[Records supplied — start]

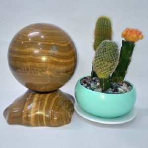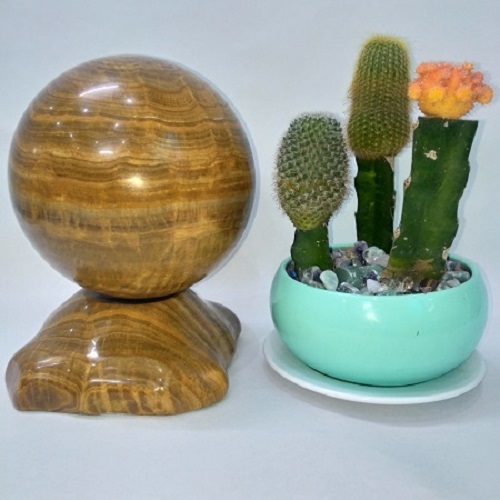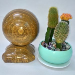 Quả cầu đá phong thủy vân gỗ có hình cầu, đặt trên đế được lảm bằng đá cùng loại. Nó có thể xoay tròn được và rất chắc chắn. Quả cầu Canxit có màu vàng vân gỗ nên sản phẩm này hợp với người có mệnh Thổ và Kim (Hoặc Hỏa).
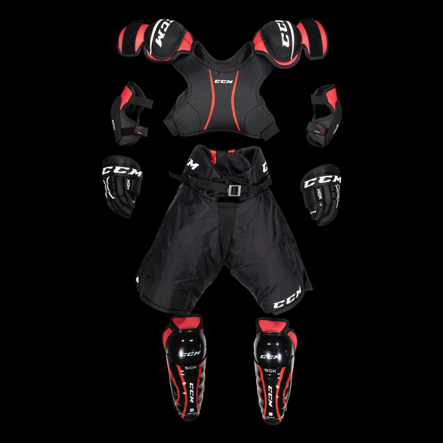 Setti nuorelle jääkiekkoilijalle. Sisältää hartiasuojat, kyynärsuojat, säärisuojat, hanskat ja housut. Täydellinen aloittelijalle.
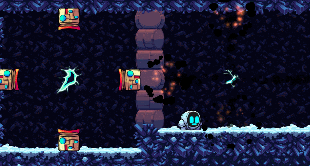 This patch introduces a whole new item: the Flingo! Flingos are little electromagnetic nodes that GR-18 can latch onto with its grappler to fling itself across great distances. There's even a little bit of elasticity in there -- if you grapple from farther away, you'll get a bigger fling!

[Records supplied — finish]
[Records supplied — start]

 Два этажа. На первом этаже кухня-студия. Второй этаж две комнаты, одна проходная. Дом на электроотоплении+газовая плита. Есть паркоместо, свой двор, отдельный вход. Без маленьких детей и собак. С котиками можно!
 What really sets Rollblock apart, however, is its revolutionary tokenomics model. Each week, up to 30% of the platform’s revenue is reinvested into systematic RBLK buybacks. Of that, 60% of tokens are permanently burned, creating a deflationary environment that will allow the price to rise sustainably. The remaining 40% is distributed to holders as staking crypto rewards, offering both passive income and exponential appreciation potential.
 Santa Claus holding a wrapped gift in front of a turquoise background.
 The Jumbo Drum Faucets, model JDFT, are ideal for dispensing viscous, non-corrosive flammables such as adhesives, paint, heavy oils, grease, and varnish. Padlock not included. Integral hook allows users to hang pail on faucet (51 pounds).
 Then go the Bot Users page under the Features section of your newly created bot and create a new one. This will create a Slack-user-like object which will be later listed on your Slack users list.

[Records supplied — finish]

-- Problem statement --
Beginning with the line that contains "Quả cầu đá phong" and ending with the line that contains "Setti nuorelle jääkiekkoilijalle.", reproduce the listing exactly, pictures excluded.

-- Written reply --
 Quả cầu đá phong thủy vân gỗ có hình cầu, đặt trên đế được lảm bằng đá cùng loại. Nó có thể xoay tròn được và rất chắc chắn. Quả cầu Canxit có màu vàng vân gỗ nên sản phẩm này hợp với người có mệnh Thổ và Kim (Hoặc Hỏa).
 Setti nuorelle jääkiekkoilijalle. Sisältää hartiasuojat, kyynärsuojat, säärisuojat, hanskat ja housut. Täydellinen aloittelijalle.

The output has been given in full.